§ **Dataset extract**
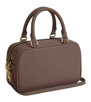 Coach taupe logo mini satchel crafted in leather featuring zip closure, 1 compartment, inside card slots, metal logo, dual carry handles with removable crossbody strap.
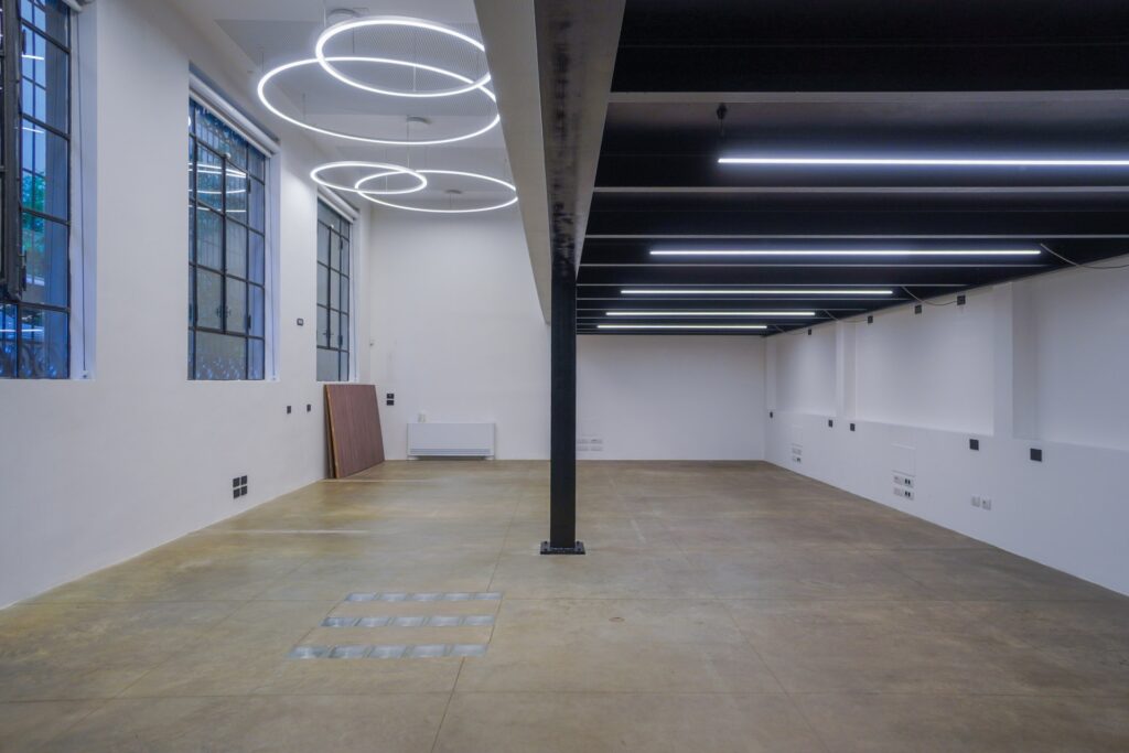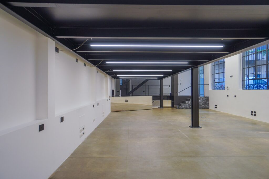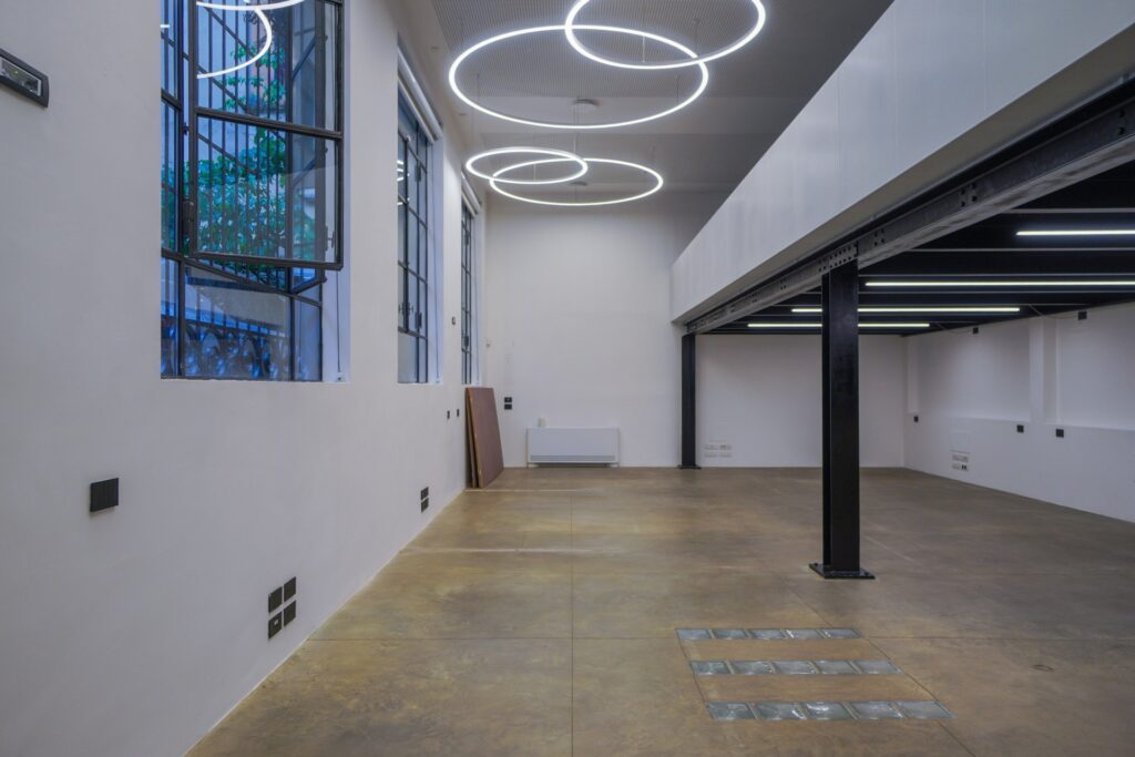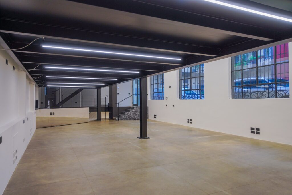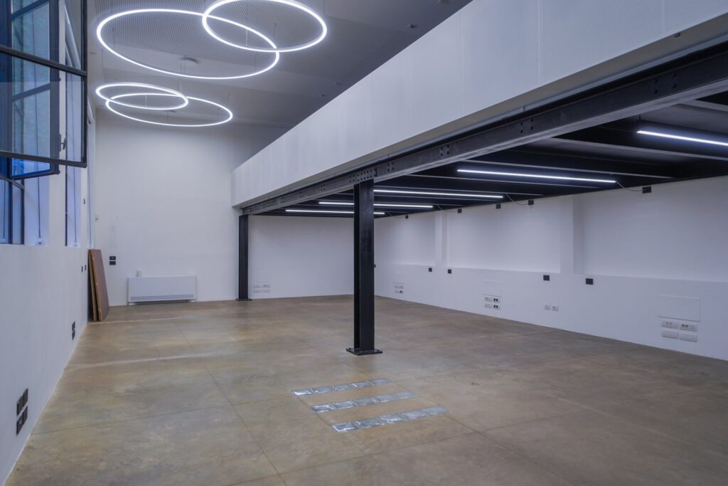 Lo Spazio Insolito di Eren si sviluppa su due livelli e offre un ambiente dal carattere industriale, concepito per accogliere shooting fotografici, riprese video e produzioni pubblicitarie. La struttura si presenta come un ampio open space, con soffitti alti e ampie vetrate che favoriscono una luce naturale omogenea, ideale per set diurni.
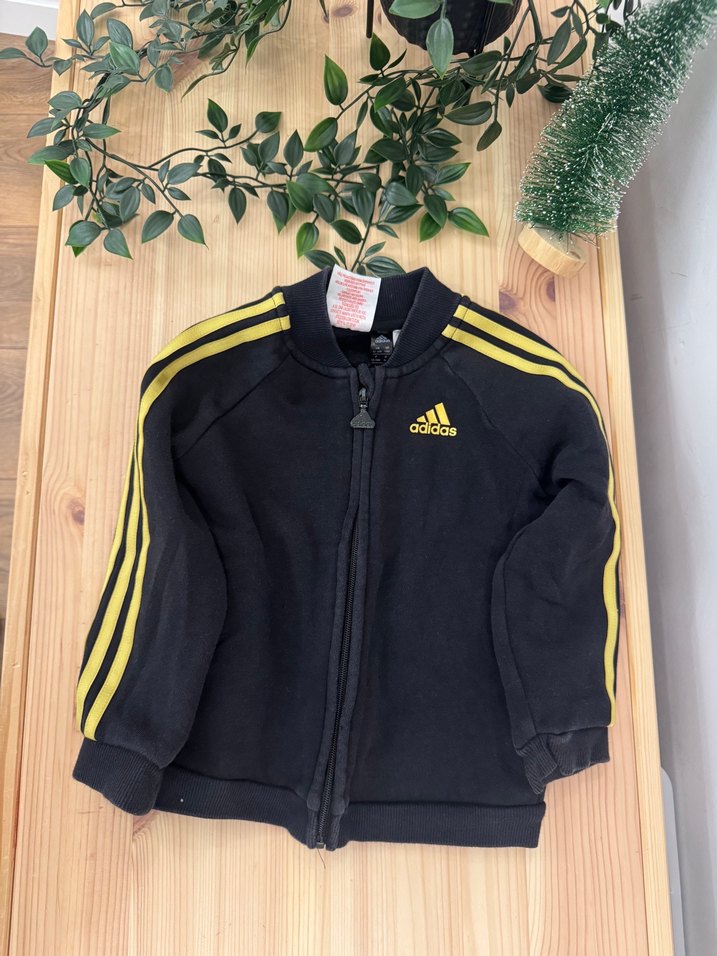 Erkek çocuklar için kapüşonlu, fermuarlı ve dar kesim ceket. Yumuşak kumaştan, koyu sarı ve siyah şeritli, Adidas logolu sokak stili ceket.
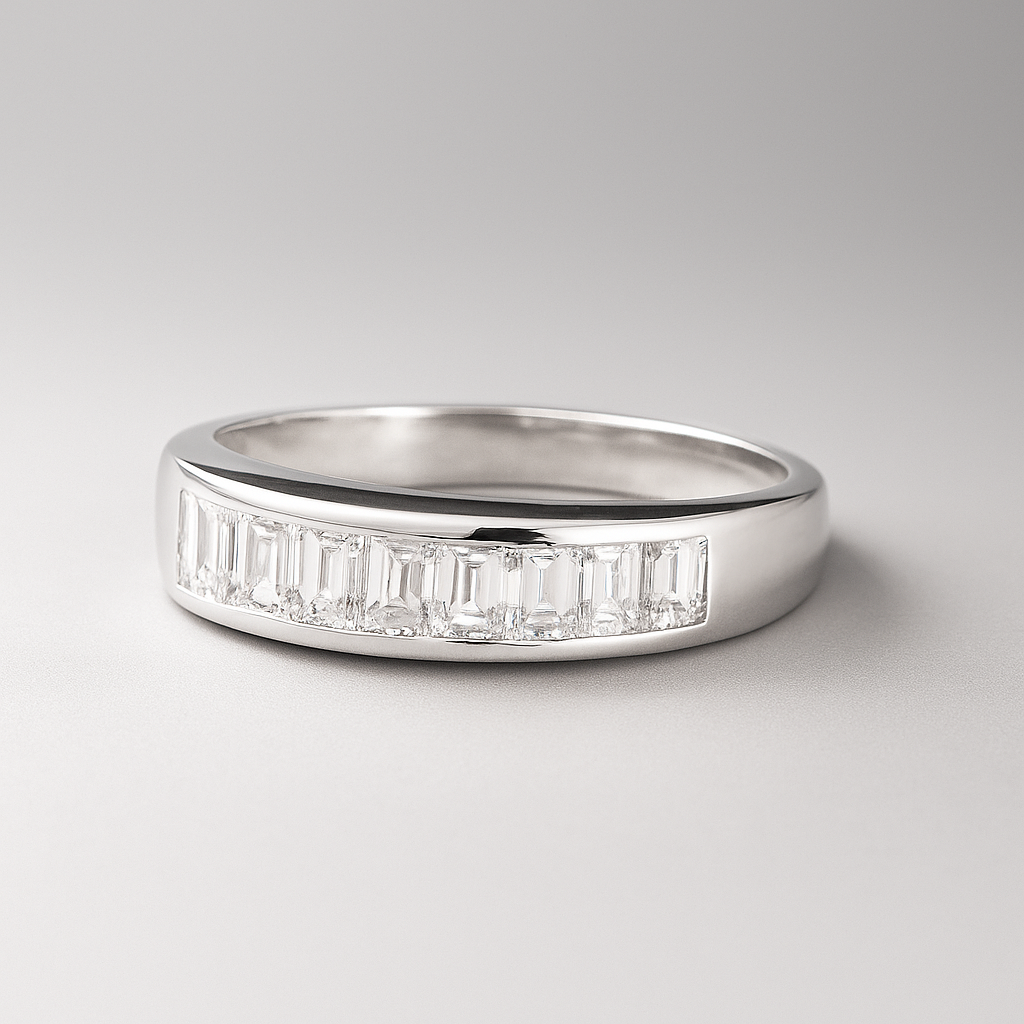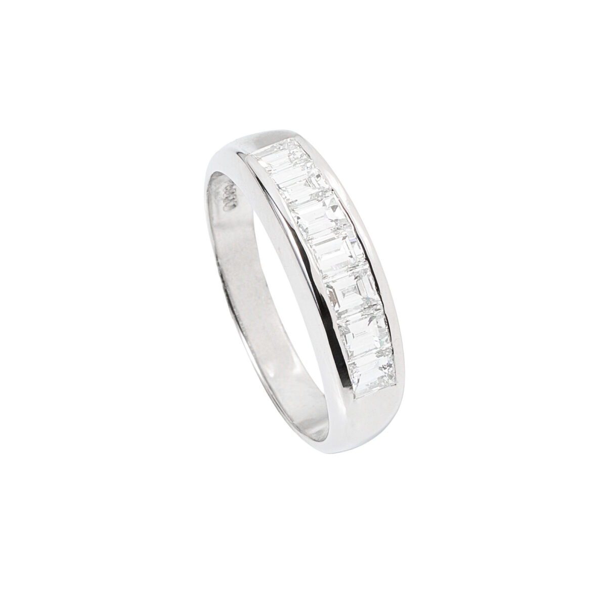 Anillo de Platino con diseño medio cintillo de Diamantes en corte Princess y Baguette engastados en riel n el metal 0.50ct en total. Talla 9

§ **What the task asks**
Please retype the material in full, exactly as it reads, apart from the images.

§ **Solution for this task**
 Coach taupe logo mini satchel crafted in leather featuring zip closure, 1 compartment, inside card slots, metal logo, dual carry handles with removable crossbody strap.
 Lo Spazio Insolito di Eren si sviluppa su due livelli e offre un ambiente dal carattere industriale, concepito per accogliere shooting fotografici, riprese video e produzioni pubblicitarie. La struttura si presenta come un ampio open space, con soffitti alti e ampie vetrate che favoriscono una luce naturale omogenea, ideale per set diurni.
 Erkek çocuklar için kapüşonlu, fermuarlı ve dar kesim ceket. Yumuşak kumaştan, koyu sarı ve siyah şeritli, Adidas logolu sokak stili ceket.
 Anillo de Platino con diseño medio cintillo de Diamantes en corte Princess y Baguette engastados en riel n el metal 0.50ct en total. Talla 9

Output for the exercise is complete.